Marx and Engels did not defend the role of the working class in the revolution because it was the majority. The working class was never a majority. Neither was it in Russia when the revolution triumphed and the first dictatorship of the proletariat was established. Russia was a country with a peasant majority, and the working class was around 20% of the population.
Marx and Engels defended the role of the working class because of its place in production: it is the social class that creates value and, centrally, because it has nothing to lose from the revolution “except its chains.”
However, in academic circles, there is much talk of a “late Marx” who at the end of his life had relativized the question of the social subject. Sociology professor Kevin Anderson from the University of California published a book called “Marx and the Margins of the World,” which has become a world bestseller. In it, he develops this concept based on Marx’s positions on China and India, and mainly on letters exchanged with the Russian revolutionary Vera Zasulitch. According to the author, in these letters Marx proposes that in Russia one could pass from the peasant commune to socialism without passing through capitalism and without the working class as the subject of change.

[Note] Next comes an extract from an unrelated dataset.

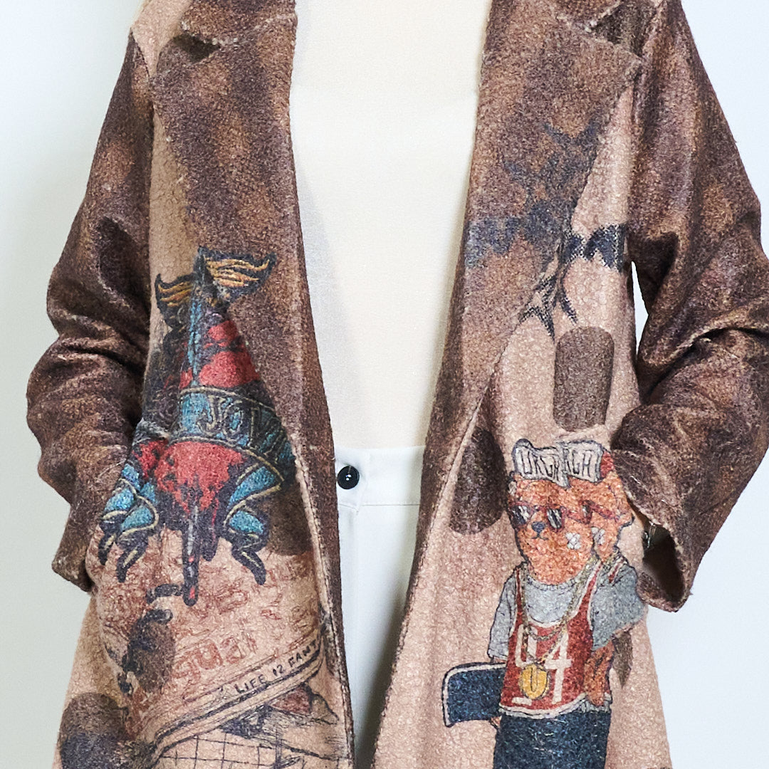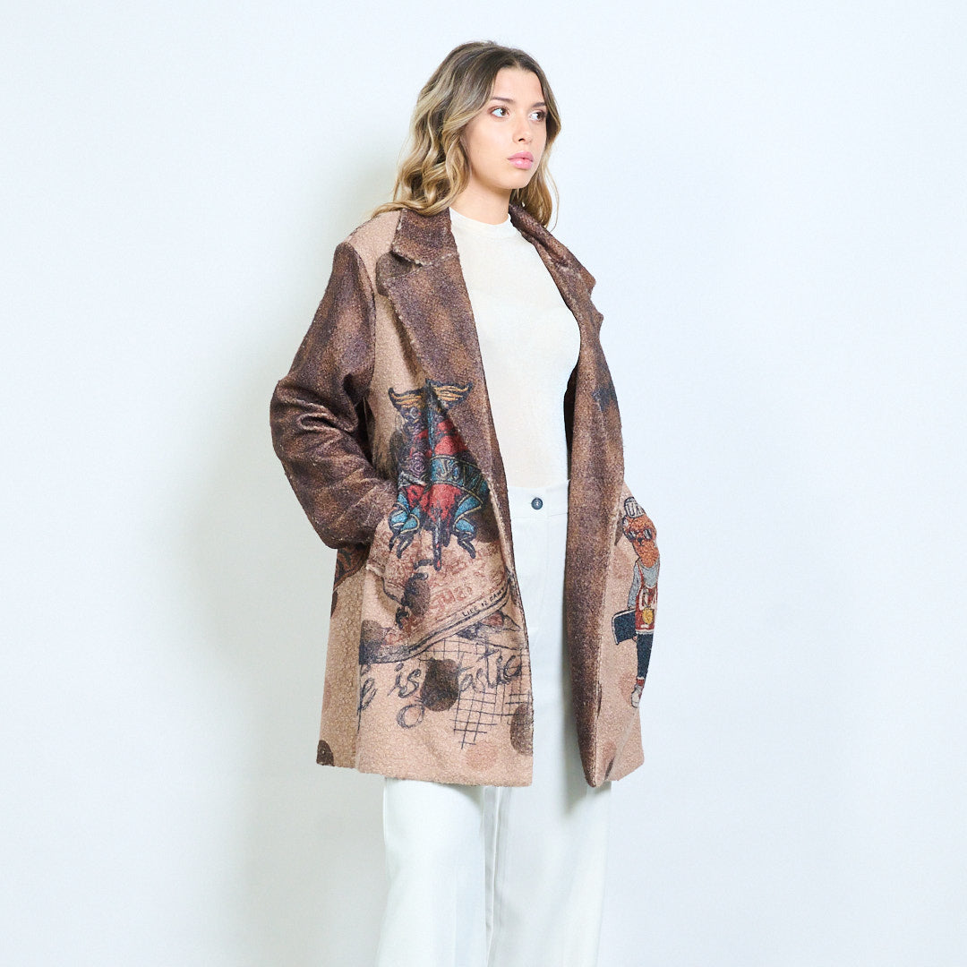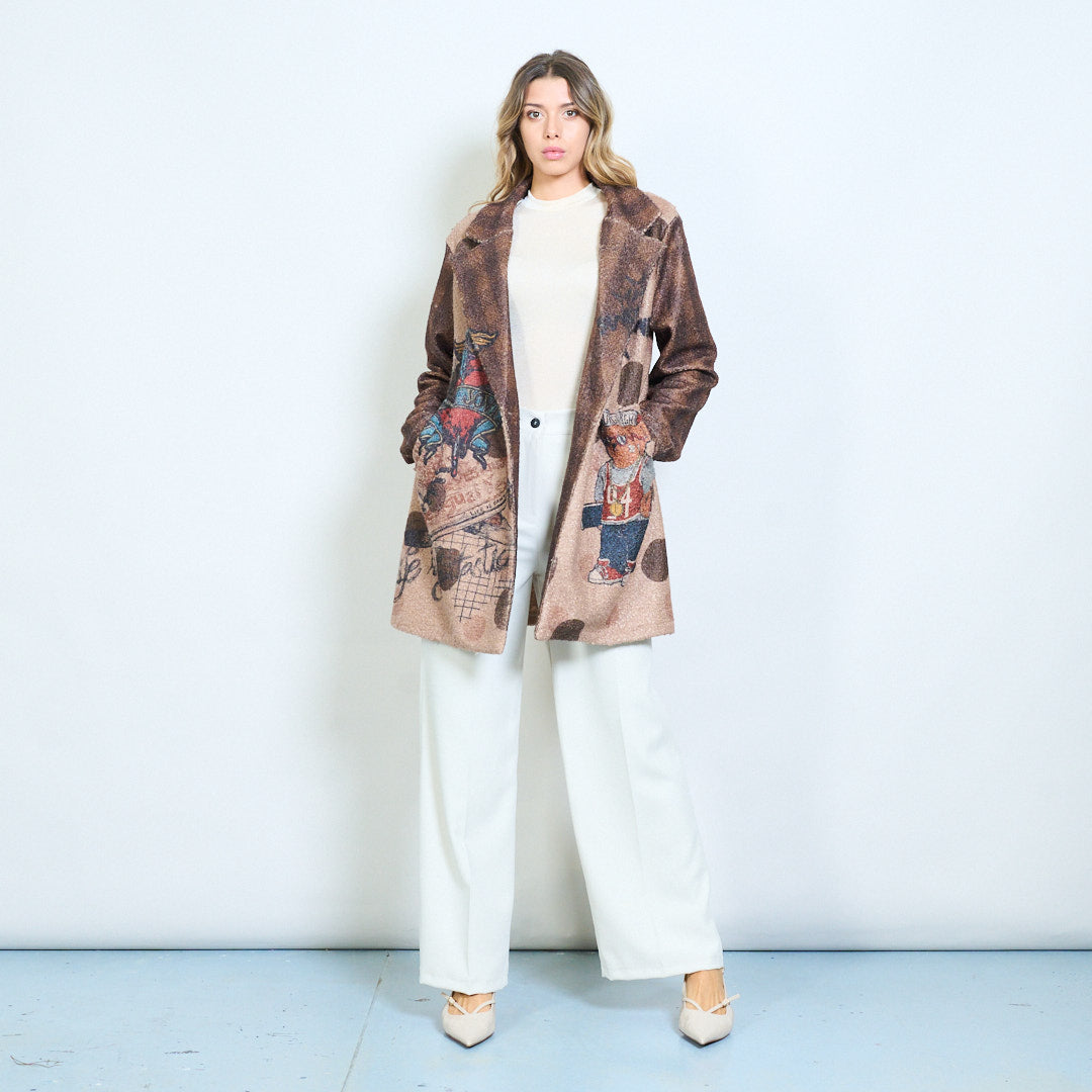 - Conception de blazer unique avec des imprimés ludiques inspirés des dessins animés et des textes

For us, Marx says nothing of the sort and there is no questioning in him, nor in Engels who continued his work, of the role of the working class as the social subject of the revolution. But this will be the subject of another article. What we want to point out today is the value academic “Marxism” places on questioning the role of the working class, an idea which is of course very well received by reformism.
Many follow these theories because they are passionate about the “new.” There have always been followers of the “new” which, as Nahuel Moreno said half a century ago, “is nothing more than the negation of the need for the Marxist program and party in the name of something much older: humanist socialism, individual terrorism, elitist, typical of anarchists and populists, propaganda by facts, empiricism as contempt for theory and program, the worship of facts and momentary successes”[3].

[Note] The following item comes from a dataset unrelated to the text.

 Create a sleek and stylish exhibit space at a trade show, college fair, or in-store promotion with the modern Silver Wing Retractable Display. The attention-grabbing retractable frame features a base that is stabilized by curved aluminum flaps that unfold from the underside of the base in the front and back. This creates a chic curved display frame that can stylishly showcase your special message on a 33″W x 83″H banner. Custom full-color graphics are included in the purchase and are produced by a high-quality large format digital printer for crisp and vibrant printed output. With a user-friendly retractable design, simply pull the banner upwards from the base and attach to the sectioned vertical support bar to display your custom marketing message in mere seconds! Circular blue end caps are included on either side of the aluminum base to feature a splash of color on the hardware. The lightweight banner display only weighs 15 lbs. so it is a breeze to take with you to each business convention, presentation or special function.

Over the years what is considered “new” changes, but the methodology remains the same and the motivations remain as Moreno described them.
But, as always, the working class has the last word. Today it is showing its strength and the force of its intervention not only in the struggles in the United Kingdom, Italy, Germany, and France but also in the role it is playing in the Ukrainian resistance against the Russian invasion.

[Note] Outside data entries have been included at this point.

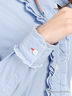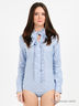 Оригинальная рубашка-боди с длинными рукавами на манжетах с пуговицами. Прямой силуэт. Застегивается на пуговицы. Отложной воротник стойка с застежкой на пуговицы и завязкой на ленту. Полочка украшена многослойными рюшами. Снизу классическая боди-застежка на кнопки. Сбоку вышивка. Прекрасно подойдет как для классических брюк, так и для повседневной юбки!
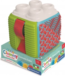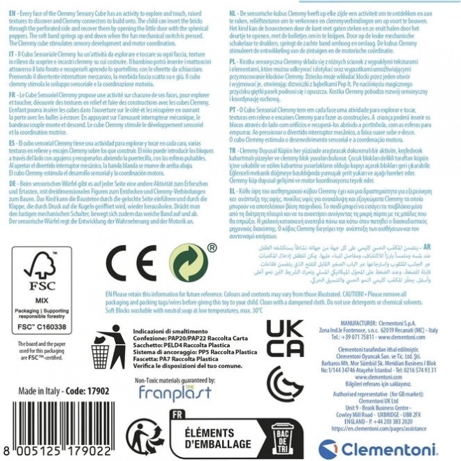 Das Set enthält vier weiche Clemmy-Würfel, die einfach in den Würfel eingesetzt oder aufgestapelt werden können. Der Würfel ist weich, sicher und vollständig abwaschbar, idealerweise bei maximal 30°C mit neutraler Seife.
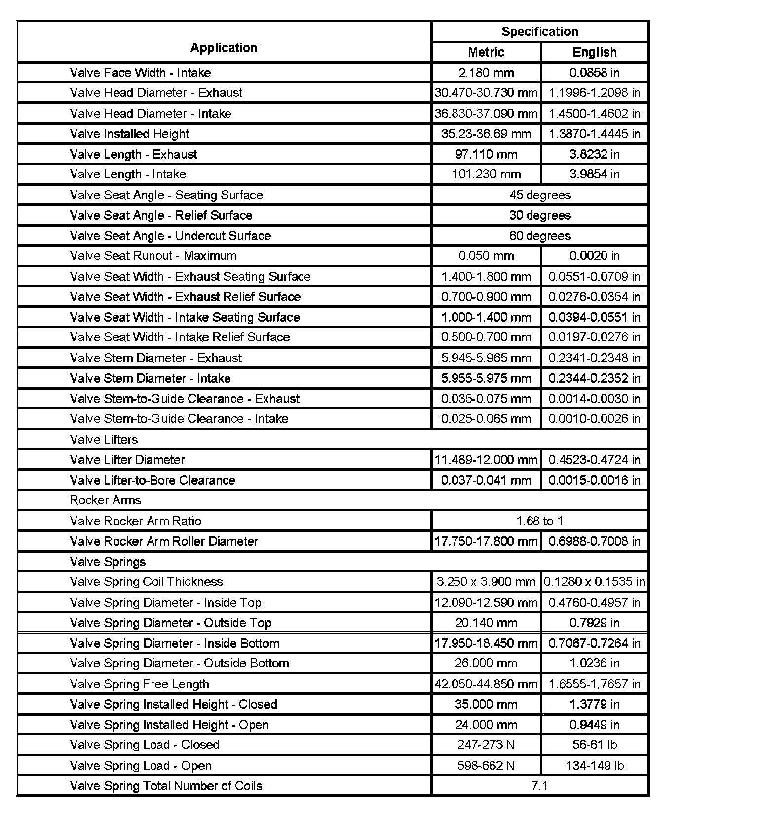 Engine Mechanical Specifications
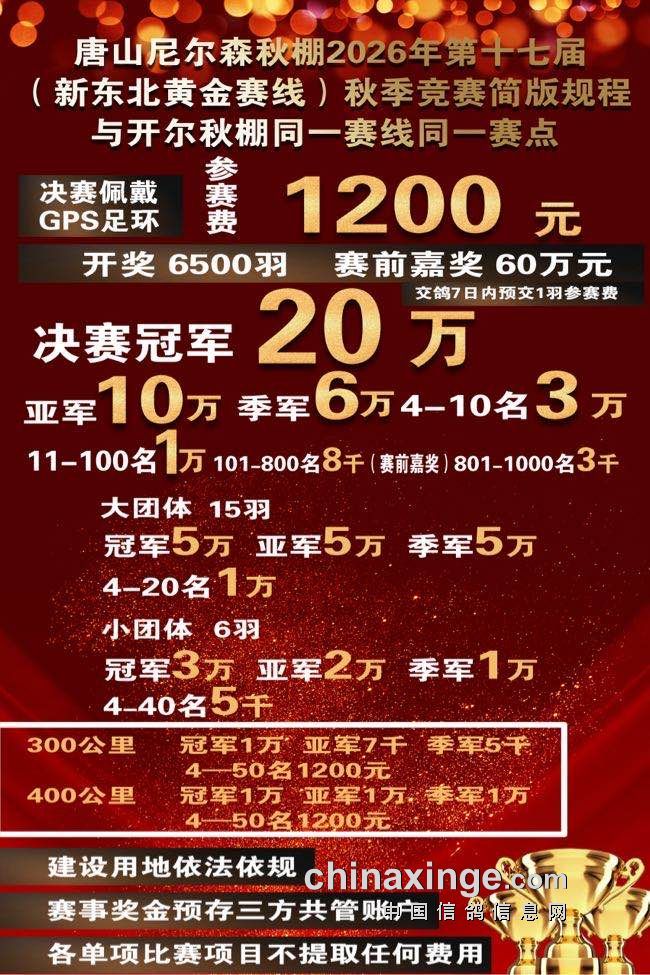 唐山尼尔森公棚2026年第十七届秋棚竞翔规程(简版)

In agreement with Marx, we believe “the emancipation of the working classes must be conquered by the working classes themselves.” And in accordance with Lenin, we understand the only way to achieve that goal is with the leadership of a revolutionary Marxist party. Just as we agree with Trotsky that the crisis of humanity is the crisis of its revolutionary leadership.
There is no doubt that the great task remains to advance in overcoming this crisis. Only then will we ensure that the struggles of the working class are directed toward the destruction of imperialism and the seizure of power to build the workers’ state on the road to socialism.
[1] “Protracted war,” a strategy defended by Maoism starting with the Third Chinese Revolution, which was the product of the long march by Mao’s army beginning in 1928 and ending in 1949
[2] General Charles de Gaulle led the French army in exile, and after the Second World War, he returned as a national hero. In 1958 he was elected Prime Minister and then President. His strategy was to reinforce the president’s power diminishing that of the parliament; he was responsible for the constitutional clause Macron used to approve the retirement age increase.
[3] Nahuel Moreno, Marxist Logic and Modern Sciences, Editorial Xolotl, p. 103.